The A in SRE: Architecting for reliability

Upfront architecture is essential to ensure reliability. Ideally, the system design starts with defining clear service-level objectives (SLOs) that translate into the right architecture to avoid gold-plating or costly redesigns after the system is live. Marco van der Linden and Tom Hofte explain how to define clear SLOs and apply architectural patterns to design a system that works as promised.
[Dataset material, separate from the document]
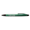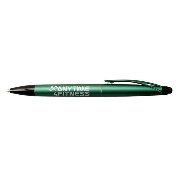 Corporate colors and sophisticated eye-catching metallic finish transform this twist retraction Hub Pens Green JayKay Stylus ballpoint pen into a full-grown corporate writing instrument. It strokes smoothly on touchscreens thanks to its built-in stylus. A generous imprint area ensures your company's logo or name stands out and gets noticed with every pen stroke.
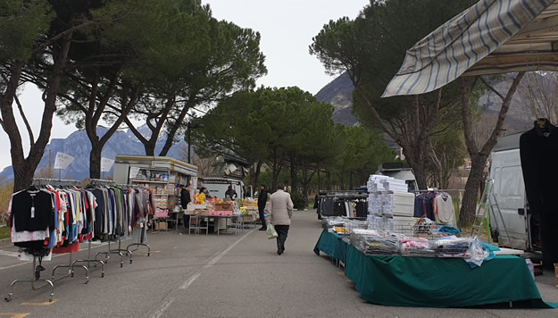 I pochi acquirenti presenti camminano veloci – molti con la mascherina o con la sciarpa alzata, come a voler tutelarsi, anche se solo psicologicamente – diretti verso la bancarella di riferimento, spesso e volentieri per comprare quello che manca in dispensa o nel frigorifero. Nessuno (o quasi) pare avere voglia di dare un occhio ai giubbetti primaverili color pastello ben allineati sulle grucce o di approfittare delle ultime occasioni in saldo. “A questo punto forse è meglio che ci dicano di chiudere del tutto, così tanto non lavoriamo comunque” il commento di un esercente. “Ma che chiudano tutto tutto, assicurandoci rimborsi” gli fa eco, con riferimento polemico ai centri commerciali, il vicino che, oggi, tanto vicino non è.

Talk Title	The A in SRE: Architecting for reliability
Speakers	Marco van der Linden (Xebia), Tom Hofte (Xebia)
Conference	O’Reilly Software Architecture Conference
Conf Tag	Engineering the Future of Software
Location	New York, New York
Date	February 24-26, 2020
URL	Talk Page
Slides	Talk Slides
Video

Site reliability engineering (SRE) has become a popular discipline within organizations to improve the reliability of their IT landscape. Typically, SRE focuses on improving reliability of existing services by optimizing the operational procedures and feedback loops to the teams with the ultimate goal of improving service reliability. In some situations, you need to make changes to the architecture to improve the reliability of your service. However, these architectural redesigns are costly and could have been avoided had the SLOs been clear at the beginning. If your objectives are not clear, or not defined at all, you run the risk of not implementing sufficient measures to make your system reliable or implementing too many measures, leading to an overly complex system that can also easily become unreliable. SLOs must be clear enough to be, among others, understandable, measurable, and reachable within the context of the service. These criteria help to get the SLOs accepted within an organization, help teams select the right stability patterns, and justify to the organization why specific architectural stability patterns are needed. Subsequently, observability patterns around the three pillars, event logs, metrics, and tracing can be applied to make the system observable to measure the SLOs. Drawing on their real-world experience, Marco van der Linden and Tom Hofte demonstrate how to design reliable and observable systems based on clear SLOs. You’ll work in teams on a fictional case to define SLOs, apply stability patterns to ensure system reliability, and make the system observable. Join in to learn how to better define clear SLOs and translate them into a reliable and observable system, using well-established architectural patterns.